Дело даже не в том, что Украина с такой легкостью производит свою интрузию, а прежде всего потому, что с этим населением не разговаривают. Вот все упрекали Гайдара: он не разговаривал с населением во время рыночных реформ. Владимир Путин вообще уже давно забыл, в отличие от всех деятелей 90-х, когда он последний раз общался с народом, а не с переодетыми представителями ФСБ. Если Владимир Путин так популярен, если его кредит доверия, если его рейтинг, как утверждает ВЦИОМ, 80%, что же он не приедет в Курск поговорить с простыми гражданами на улице?
Мне-то пишут эти люди из Курска. Они, слава тебе господи, знают мой адрес. Я получаю довольно много довольно любопытных текстов оттуда. И вот мне кажется, что если бы Владимир Путин приехал туда побеседовать, и не с подставными лицами, которых немедленно опознают в качестве бывших рыбаков или бывших моряков, а в качестве реальных людей, реально живущих и работающих, город продолжает работать, вот это был бы шаг. Но, видимо, рейтинг доверия таков, что Владимиру Путину сейчас опасно высунуться за пределы Баку или за пределы международной повестки. Поэтому мы ничего подобного и не видим.
И вот этот кредит, он не бесконечен, потому что русский народ, ну он так себя называет, население России очень любит, чтобы его уважали, чтобы ему кланялись, льстили, чтобы его обожествляли, называли богоносцем, принимали любые его решения, в самой его необразованности, общинном единстве и некоторой, прямо скажем, пещерности его сознания, до сих пор абсолютно языческого, видели бы какую-то абсолютную истину. А народ не любит неуважение. А то, что демонстрирует сегодня российская власть на всех уровнях – это или беспомощность, или неуважение, или, простите, откровенное наплевательство.

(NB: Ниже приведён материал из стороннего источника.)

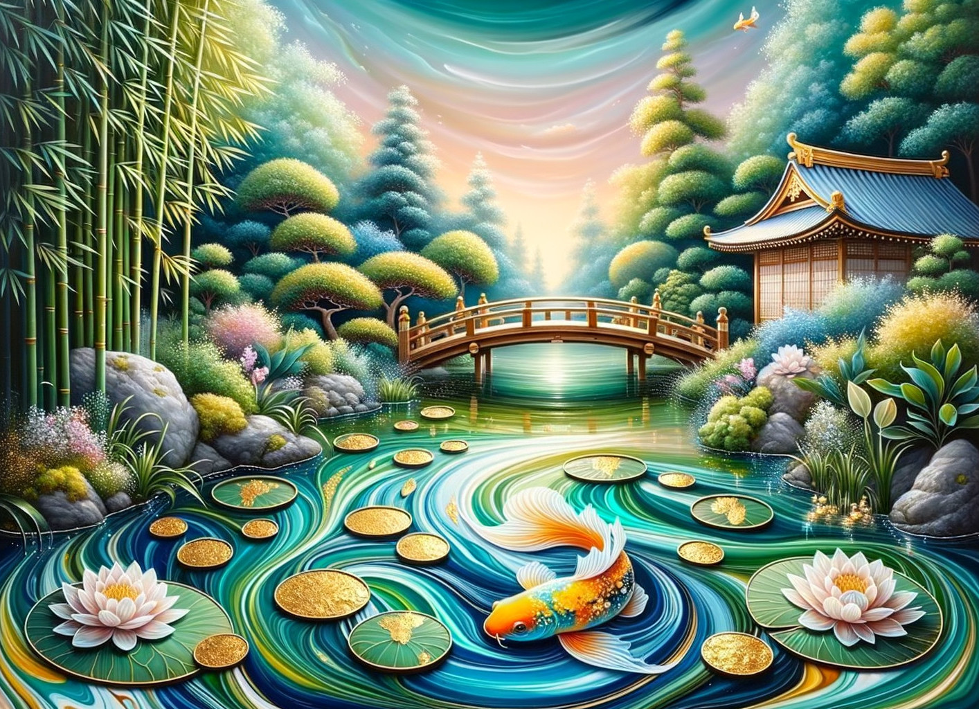 Serene Koi Pond: A Vibrant Watercolor Scene

Р. ДАВЛЕТГИЛЬДЕЕВ: Вы знаете, мне по работе пришлось в последние дни поговорить с мамами срочников, которые оказались в Курской области. Причем смерть одного из призывников была подтверждена военкоматом на следующий день после моего разговора с мамой. И меня поразило знаете что? Они все говорят: «Ну Путин-то, наверное, не знает просто. Президент просто не знает. Вот мы пытаемся дозвониться до приемной. Нам говорят, что только в письменном виде обращения принимаются». И они винят военкомов, а Путина нет.
Поэтому, возможно, если он даже приедет на эту встречу с разъяренными мамами, все равно мамы всю вину будут возлагать не на него, по сути, единственного человека, на которого можно вину возлагать, а вот на этих каких-то отдельно взятых военкомов и даже не на генералов. Вот это меня поразило сильно.

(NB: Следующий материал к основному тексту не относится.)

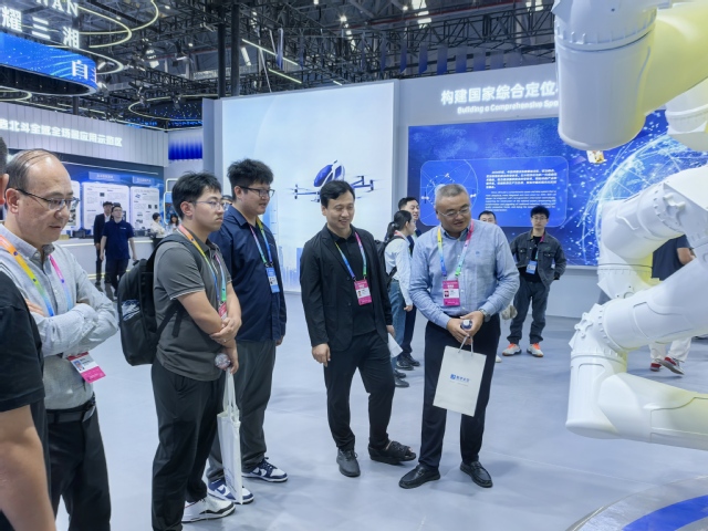 9月24日下午,团队还受邀参加了第四届北斗规模应用国际峰会会展。在展会现场,教师们观摩了来自全球多家企业及科研机构在北斗芯片模组、终端设备、位置服务及行业应用解决方案等方面的最新成果,并与参展商就技术细节和应用场景进行了探讨,为我们相关课程的教学案例库积累了丰富的实战素材。

Д. БЫКОВ: Понимаете, Ренат, вот я читал воспоминания Александра Гладкова о разговоре с Пастернаком в декабре 1941 года в Чистополе. Гладков тогда еще не отсидел. Гладков – это, если вы помните, завлит мейерхольдовского театра, которого посадили после войны. Тогда он был автор пьесы «Давным-давно», такой, можно сказать, поднятый на знамя человек. И вот он Пастернаку говорит: «Может быть, Сталин просто не знает». На что Пастернак ему с нехарактерной для него, в общем, твердостью ответил: «Если он не знает, это преступление худшее, чем если он бы знал».
То есть если допустить на секунду, что Владимир Путин действительно так заэкранен, так заслонен, так дезинформирован о происходящем в стране, то как называется президент, который так себя заэкранировал? Как называется человек, который до такой степени охраняет себя от любой объективной информации, не говоря уже об информации неприятной? Я думаю, что лидер, замкнувший на себя принятие всех решений, уничтоживший все институты и практически изолировавший себя от любых контактов с оппозицией, даже с умеренными советниками вроде Явлинского, такой человек просто не заслуживает права называться руководителем страны.

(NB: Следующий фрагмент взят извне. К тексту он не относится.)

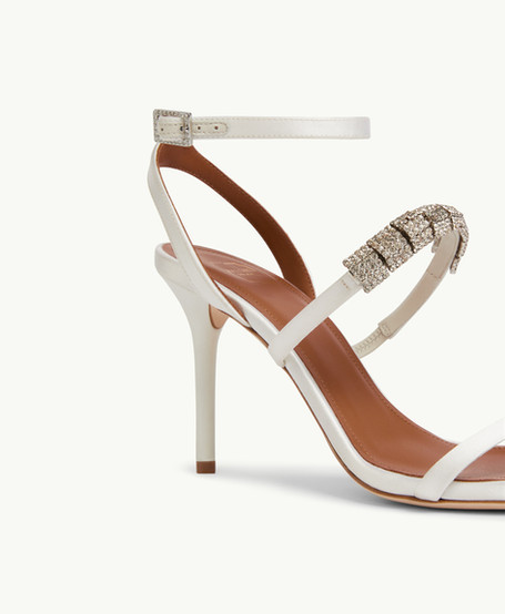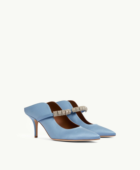 Our familiar, foot-flattering silhouettes take on new guises in a soft palette of blue, cream, and white. Lustrous satins, textural grosgrain, smooth nappa leather, and delicate lace bring each shoe to life. From elegant flats to showstopping stilettos, even the highest-of-high heels combines undeniable beauty with utmost comfort. Every pair features a Malone Souliers signature strap, updated with a string of light-catching crystals.

Ведь лидер – это все-таки довольно ответственное понятие. Лидер – это не тот, кому все молятся. Вот это надо помнить. Это не то, что Заболоцкий называл «свинцовый идол мой». Это не идол. Это именно человек, который пытается возглавить, возглавлять хоть как-то движение страны. Но поскольку нет движения, давайте уж назовем вещи своими именами, есть продвижение в Харьковской области, но это не движение в истории, то нету лидера, соответственно, то нету и человека – вот это очень принципиально – нет человека, который взял бы на себя ответственность за Россию.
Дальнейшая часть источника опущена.